Abstract

INTRODUCTION: Perifosine is an oral, novel synthetic alkylphospholipid, with multiple effects on signal transduction pathways, including inhibition of Akt. We previously demonstrated that Akt is upregulated in samples of patients (pts) with WM, and the Akt inhibitor perifosine induces significant growth inhibition in vitro and in vivo in xenograft models in WM. This phase II study aimed to determine the activity and safety of perifosine at a dose of 150mg in pts with relapsed/refractory WM.

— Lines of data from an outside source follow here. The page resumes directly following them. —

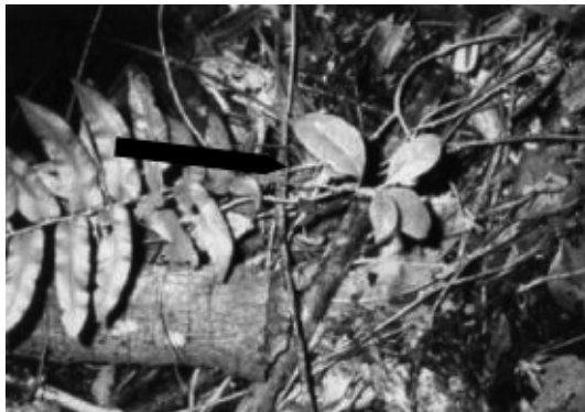
FIGURA 2. REGENERACIÓN NATURAL DE PITAO EN PREDIOS DE FORESTAL MININCO.

De acuerdo a Saavedra & Pincheira (1991), en cinco predios de Forestal Mininco,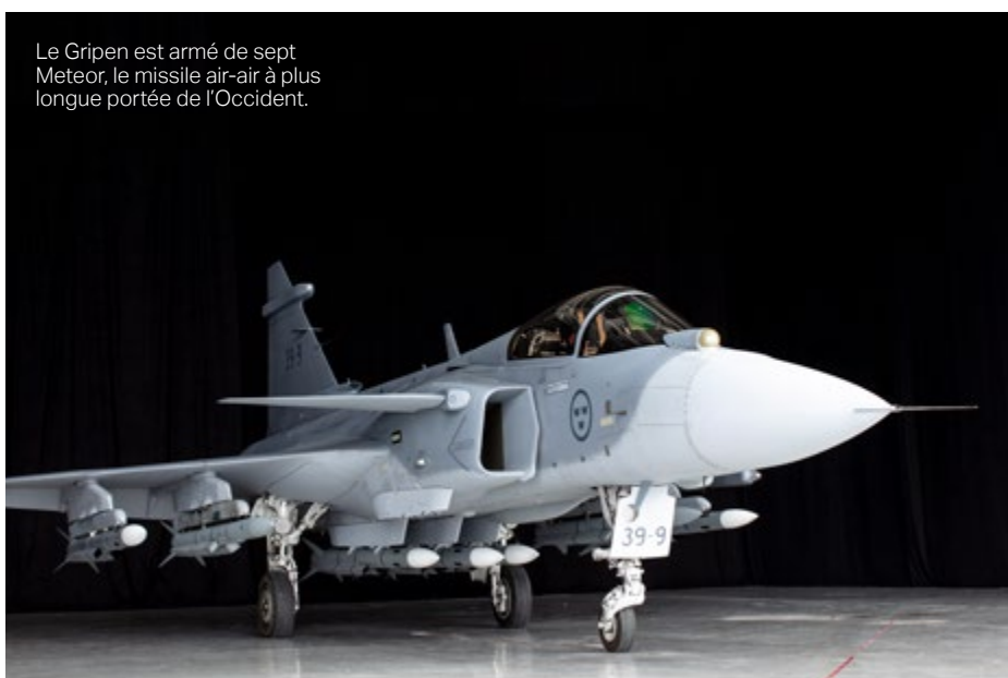
Le Gripen est armé de sept Meteor, le missile air-air à plus longue portée de l'Occident.

La GE peut également brouiller, attirer, tromper et envahir les capteurs radar et les missiles ennemis, créant ainsi une forme électronique de furtivité qui ne se dégrade pas, mais est prête à évoluer.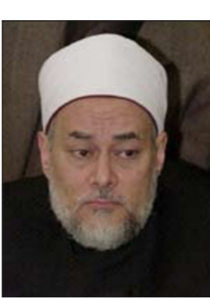
مفتي الجمهورية د.علي جمعة

أكد د.حازم شومان ـ الداعية الإسلامي ـ أن كل مسلم سوف يسأله الله سبحانه وتعالى عن عدم مناصرته للسلفيين في الانتخابات البرلمانية كما يسأله عن الصلاة والصوم، مشيراً إلى أن مناصرة السلفيين تعتبر نصرة لشرع الله وأن الإسلام سوف يأتي شاهدا يوم القيامة ويقول يارب هذا نصرني وهذا خذلني، ثم ناشد جميع الحضور بأن يواجهوا أصواتهم لمن ينصر شرع الله امتحالا لقول الله تعالى: (ستكتب شهدائهم ويسألون). موضحاً أن تطبيق الشريعة

METHODS: Pts who had at least one previous therapy for WM and who had relapsed or refractory disease were eligible. NCI CTCAE v3.0 was used for toxicity assessment. Response was assessed by criteria established at the second consensus panel for WM, and included minimal response (MR), partial response (PR) and complete response (CR). All pts received 150 mg perifosine daily for 28 days per cycle until progression or excessive toxicity.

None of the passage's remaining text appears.